◆ TASK OBJECTIVE ◆
Within the entries below, output exactly the lines between the line containing "Drei Rundwanderwege führen" and the line containing "本文关于零号国境线演员表的基本详情介绍就讲解完毕,希望对大家有所帮助。", inclusive, and omit any picture.

◆ RECORD SET ◆
────────────────────

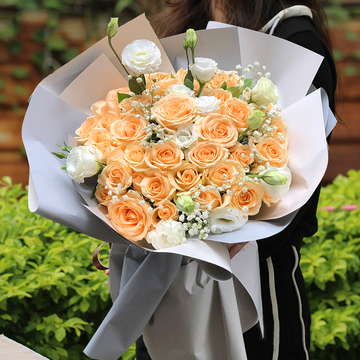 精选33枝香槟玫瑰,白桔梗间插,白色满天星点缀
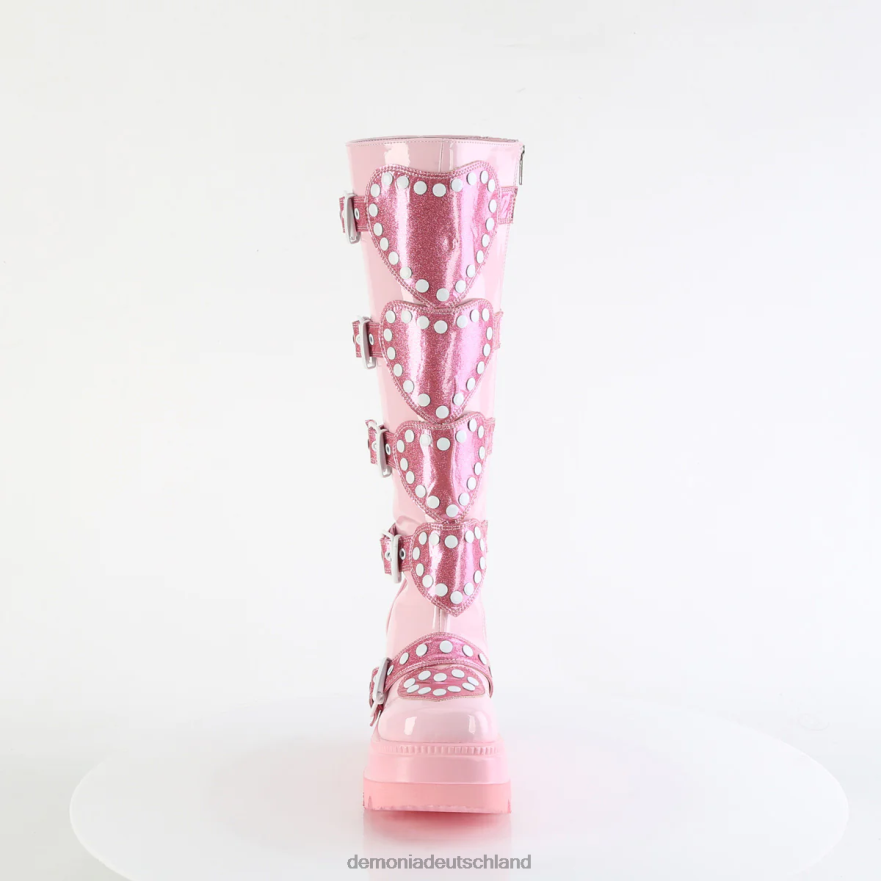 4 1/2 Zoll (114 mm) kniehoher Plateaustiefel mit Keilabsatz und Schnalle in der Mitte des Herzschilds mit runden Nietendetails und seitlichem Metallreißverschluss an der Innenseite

────────────────────

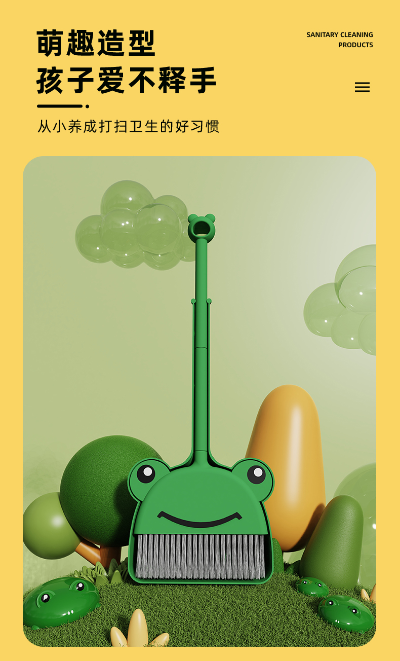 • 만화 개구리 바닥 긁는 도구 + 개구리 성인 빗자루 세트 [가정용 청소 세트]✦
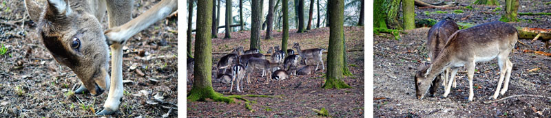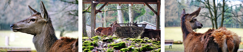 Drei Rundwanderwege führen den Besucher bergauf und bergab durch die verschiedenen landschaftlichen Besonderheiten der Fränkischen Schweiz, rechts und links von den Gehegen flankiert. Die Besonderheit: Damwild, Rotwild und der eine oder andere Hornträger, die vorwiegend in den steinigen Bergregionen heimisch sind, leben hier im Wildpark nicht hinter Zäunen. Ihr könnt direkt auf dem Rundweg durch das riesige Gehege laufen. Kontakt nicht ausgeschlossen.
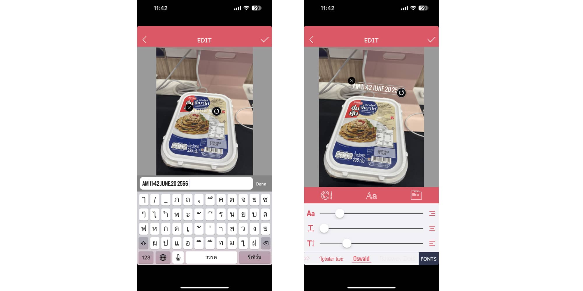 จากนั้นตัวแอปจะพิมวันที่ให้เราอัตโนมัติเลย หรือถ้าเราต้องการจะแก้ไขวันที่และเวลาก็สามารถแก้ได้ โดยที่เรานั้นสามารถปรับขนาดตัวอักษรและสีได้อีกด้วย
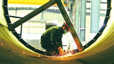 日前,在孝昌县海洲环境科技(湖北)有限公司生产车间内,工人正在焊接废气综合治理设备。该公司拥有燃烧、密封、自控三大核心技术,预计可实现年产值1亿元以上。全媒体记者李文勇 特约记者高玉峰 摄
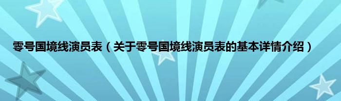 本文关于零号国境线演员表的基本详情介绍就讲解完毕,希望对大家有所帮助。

────────────────────

◆ WRITTEN ANSWER ◆
 Drei Rundwanderwege führen den Besucher bergauf und bergab durch die verschiedenen landschaftlichen Besonderheiten der Fränkischen Schweiz, rechts und links von den Gehegen flankiert. Die Besonderheit: Damwild, Rotwild und der eine oder andere Hornträger, die vorwiegend in den steinigen Bergregionen heimisch sind, leben hier im Wildpark nicht hinter Zäunen. Ihr könnt direkt auf dem Rundweg durch das riesige Gehege laufen. Kontakt nicht ausgeschlossen.
 จากนั้นตัวแอปจะพิมวันที่ให้เราอัตโนมัติเลย หรือถ้าเราต้องการจะแก้ไขวันที่และเวลาก็สามารถแก้ได้ โดยที่เรานั้นสามารถปรับขนาดตัวอักษรและสีได้อีกด้วย
 日前,在孝昌县海洲环境科技(湖北)有限公司生产车间内,工人正在焊接废气综合治理设备。该公司拥有燃烧、密封、自控三大核心技术,预计可实现年产值1亿元以上。全媒体记者李文勇 特约记者高玉峰 摄
 本文关于零号国境线演员表的基本详情介绍就讲解完毕,希望对大家有所帮助。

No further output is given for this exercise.